> **Exercise**
Exact reproduction of all the data is required, with pictures excluded.

○ ○ ○ ○

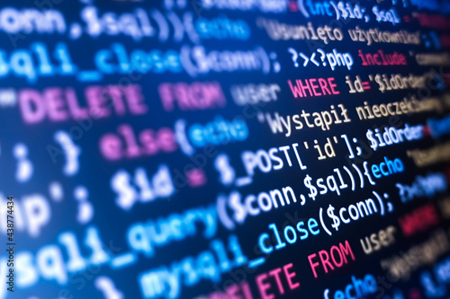 Software development pattern. Programmer monitor with php language code. Closeup tablet screen technology background
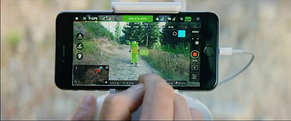 用户在iOS和安卓系统的DJI GO应用程序中选择“智能跟随”模式并点击被跟随目标,精灵4便会在视野中自动扫描该对象,并在当前高度上开始跟随。
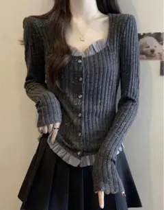 SHEIN トップス リブ編みダークグレー長袖トップス
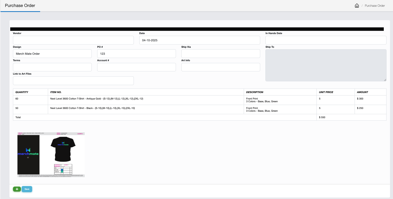 Create a purchase order from scratch or convert an approved quote to a purchase order and email it to your vendor directly from Merch Mate!
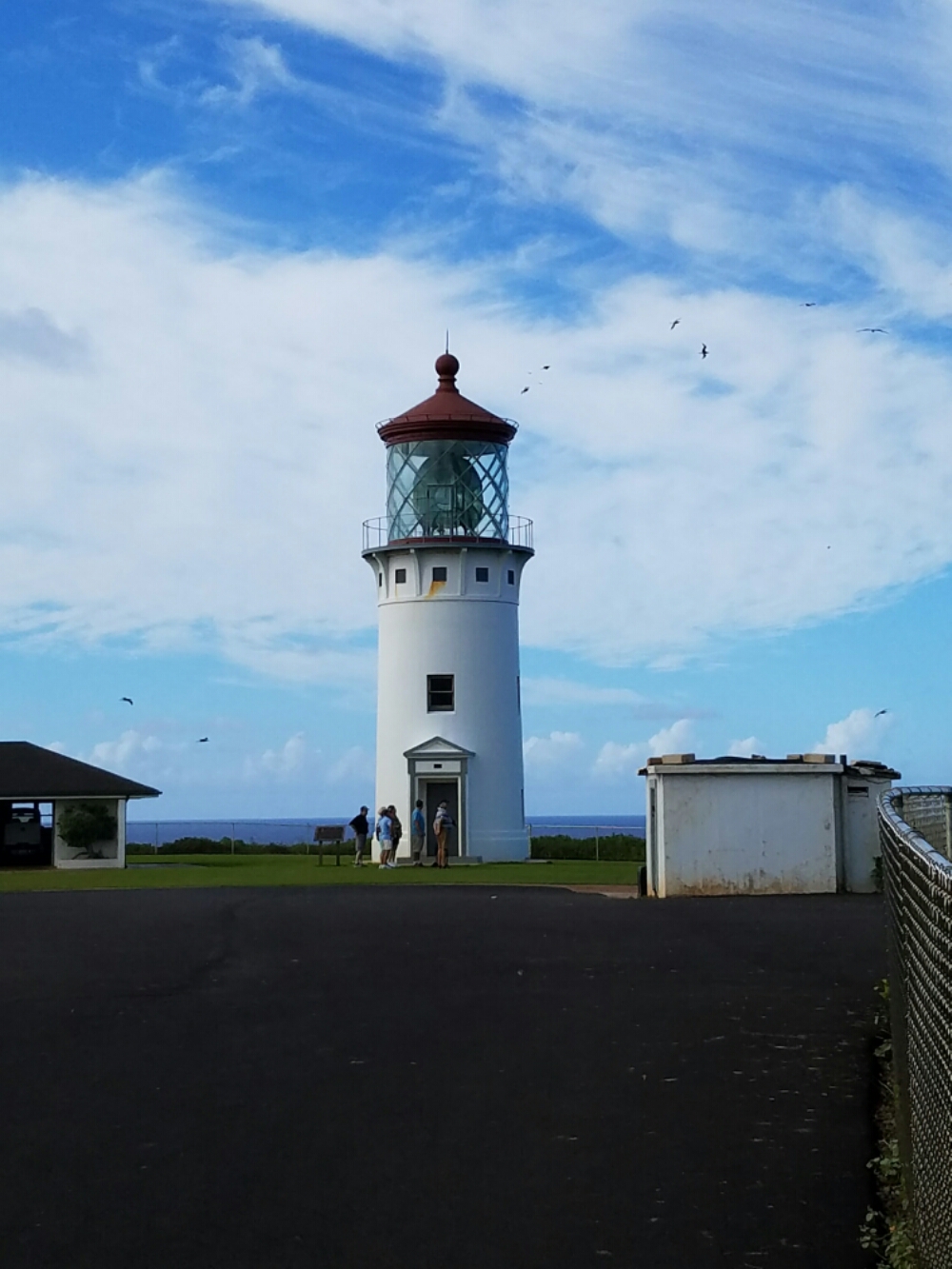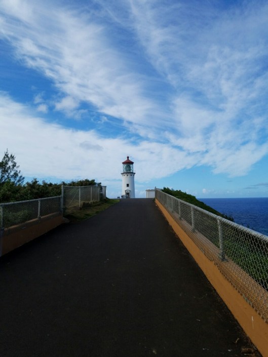 A drive back down the mountain into town where we stopped for lunch at Porky’s. Sausage or hot dog covered with kalua pork, or a grilled cheese with kalua pork. We double checked the time and distance to the light house, and realized we were going to be cutting it very close as they closed at 4PM.
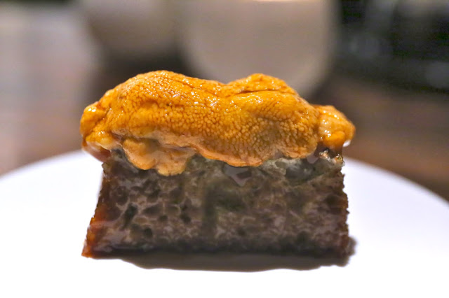 Sea urchin, liquid toast - the sea urchin comes from Santa Barbara. I could see that this was someone's favorite ingredient, and I gotta say that it was very, very good. We were trying to figure out what made the "liquid toast" underneath so delicious, with deep flavors that almost reminded us a little of Japanese marinated crab tomalley (蟹味噌). As it turns out, the secret was beurre noisette. なるほど...
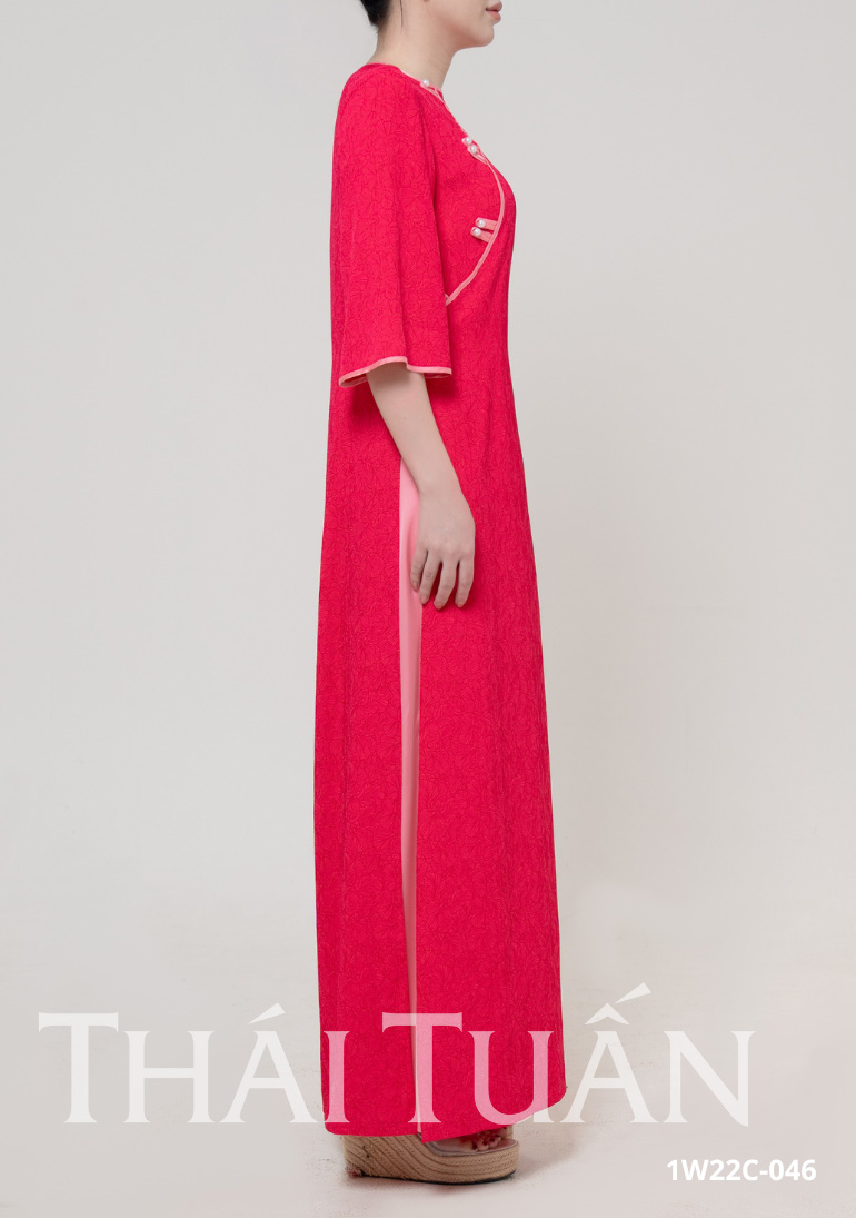 Áo Dài May Sẵn Nữ Tay Lỡ Nút Ngọc Trai Chất Liệu Gấm Màu Hồng Ánh Đỏ Sang Trọng 1W22C026

○ ○ ○ ○

> **Answer area**
 Software development pattern. Programmer monitor with php language code. Closeup tablet screen technology background
 用户在iOS和安卓系统的DJI GO应用程序中选择“智能跟随”模式并点击被跟随目标,精灵4便会在视野中自动扫描该对象,并在当前高度上开始跟随。
 SHEIN トップス リブ編みダークグレー長袖トップス
 Create a purchase order from scratch or convert an approved quote to a purchase order and email it to your vendor directly from Merch Mate!
 A drive back down the mountain into town where we stopped for lunch at Porky’s. Sausage or hot dog covered with kalua pork, or a grilled cheese with kalua pork. We double checked the time and distance to the light house, and realized we were going to be cutting it very close as they closed at 4PM.
 Sea urchin, liquid toast - the sea urchin comes from Santa Barbara. I could see that this was someone's favorite ingredient, and I gotta say that it was very, very good. We were trying to figure out what made the "liquid toast" underneath so delicious, with deep flavors that almost reminded us a little of Japanese marinated crab tomalley (蟹味噌). As it turns out, the secret was beurre noisette. なるほど...
 Áo Dài May Sẵn Nữ Tay Lỡ Nút Ngọc Trai Chất Liệu Gấm Màu Hồng Ánh Đỏ Sang Trọng 1W22C026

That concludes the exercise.